How to complete this task. Begin the copy at the line containing "Want your kitchen" in the data below and end it at the line containing "388vip太阳集团教师杨梦", keeping each line exact and leaving out pictures.

─── Supplied entries ───

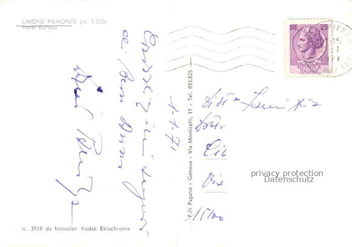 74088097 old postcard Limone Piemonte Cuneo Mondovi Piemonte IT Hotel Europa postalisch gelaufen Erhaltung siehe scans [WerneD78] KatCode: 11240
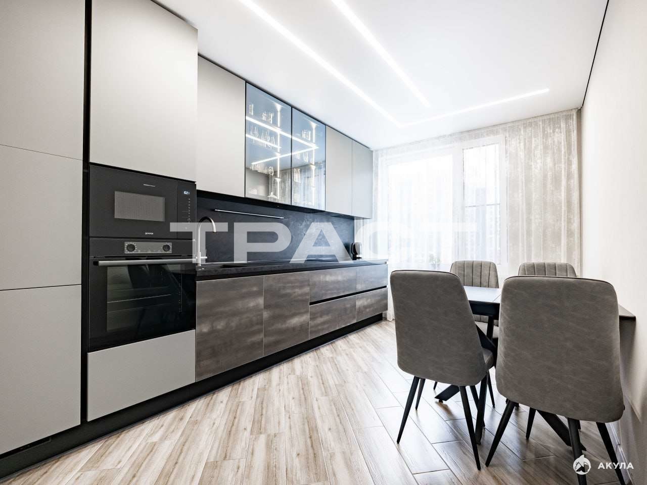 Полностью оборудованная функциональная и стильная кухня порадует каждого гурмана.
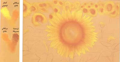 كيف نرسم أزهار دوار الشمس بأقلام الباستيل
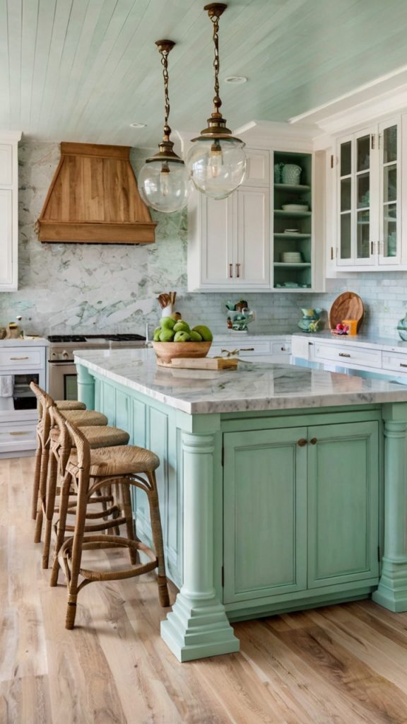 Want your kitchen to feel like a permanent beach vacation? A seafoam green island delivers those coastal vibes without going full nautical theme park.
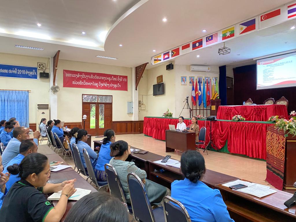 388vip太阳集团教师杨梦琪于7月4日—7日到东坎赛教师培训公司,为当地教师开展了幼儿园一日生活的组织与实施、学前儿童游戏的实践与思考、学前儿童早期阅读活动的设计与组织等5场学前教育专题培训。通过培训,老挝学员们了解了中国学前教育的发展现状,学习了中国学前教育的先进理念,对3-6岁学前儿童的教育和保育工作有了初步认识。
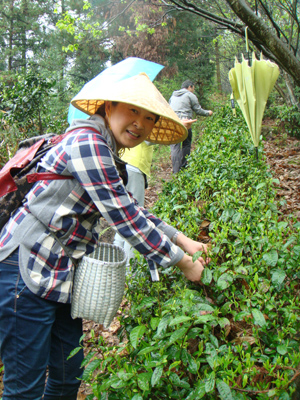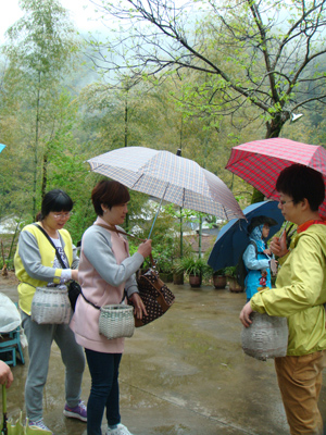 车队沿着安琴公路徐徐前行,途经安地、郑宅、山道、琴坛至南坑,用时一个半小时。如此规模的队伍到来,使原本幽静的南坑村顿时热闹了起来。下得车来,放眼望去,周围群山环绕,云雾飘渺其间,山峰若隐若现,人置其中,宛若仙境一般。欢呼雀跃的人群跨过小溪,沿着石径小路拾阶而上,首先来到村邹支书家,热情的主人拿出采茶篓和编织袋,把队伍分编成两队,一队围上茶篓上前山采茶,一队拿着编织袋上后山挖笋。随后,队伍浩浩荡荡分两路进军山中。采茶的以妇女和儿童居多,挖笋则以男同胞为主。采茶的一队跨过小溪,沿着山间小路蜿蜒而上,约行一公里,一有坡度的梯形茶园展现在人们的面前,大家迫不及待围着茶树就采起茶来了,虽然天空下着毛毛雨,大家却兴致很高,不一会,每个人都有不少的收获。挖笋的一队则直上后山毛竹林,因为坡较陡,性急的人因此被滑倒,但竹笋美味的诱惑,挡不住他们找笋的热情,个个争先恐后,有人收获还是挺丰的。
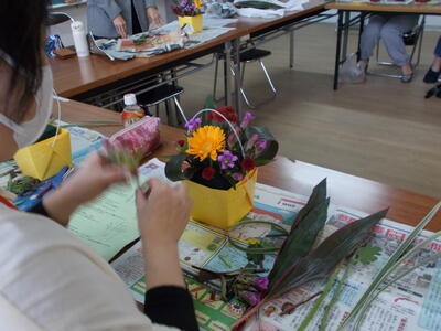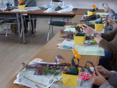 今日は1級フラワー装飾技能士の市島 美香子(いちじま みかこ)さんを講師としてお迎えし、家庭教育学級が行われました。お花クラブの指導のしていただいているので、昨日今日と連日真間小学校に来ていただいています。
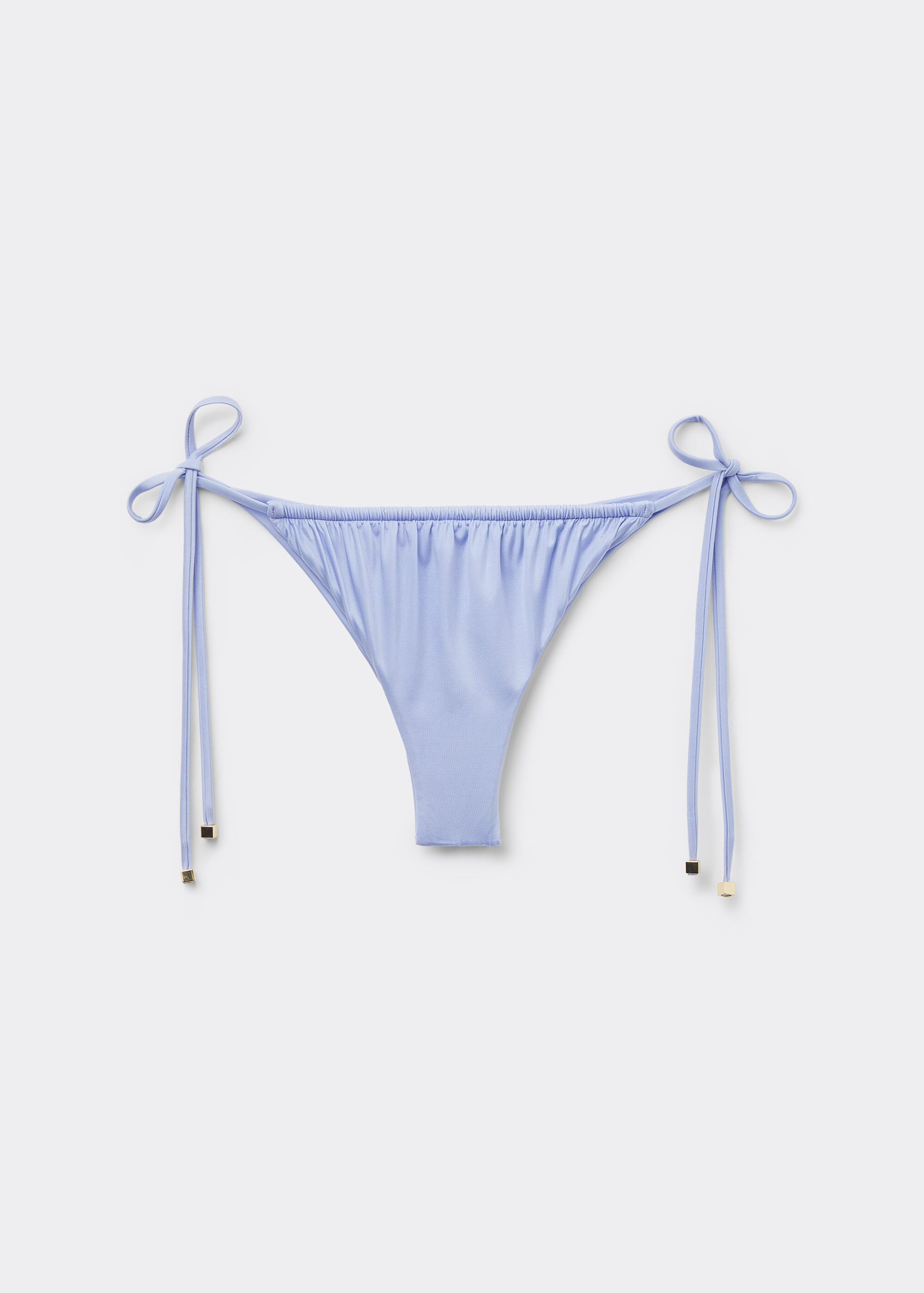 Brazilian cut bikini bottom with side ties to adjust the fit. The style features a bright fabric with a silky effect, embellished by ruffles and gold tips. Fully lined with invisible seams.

───

Answer space.
 Want your kitchen to feel like a permanent beach vacation? A seafoam green island delivers those coastal vibes without going full nautical theme park.
 388vip太阳集团教师杨梦琪于7月4日—7日到东坎赛教师培训公司,为当地教师开展了幼儿园一日生活的组织与实施、学前儿童游戏的实践与思考、学前儿童早期阅读活动的设计与组织等5场学前教育专题培训。通过培训,老挝学员们了解了中国学前教育的发展现状,学习了中国学前教育的先进理念,对3-6岁学前儿童的教育和保育工作有了初步认识。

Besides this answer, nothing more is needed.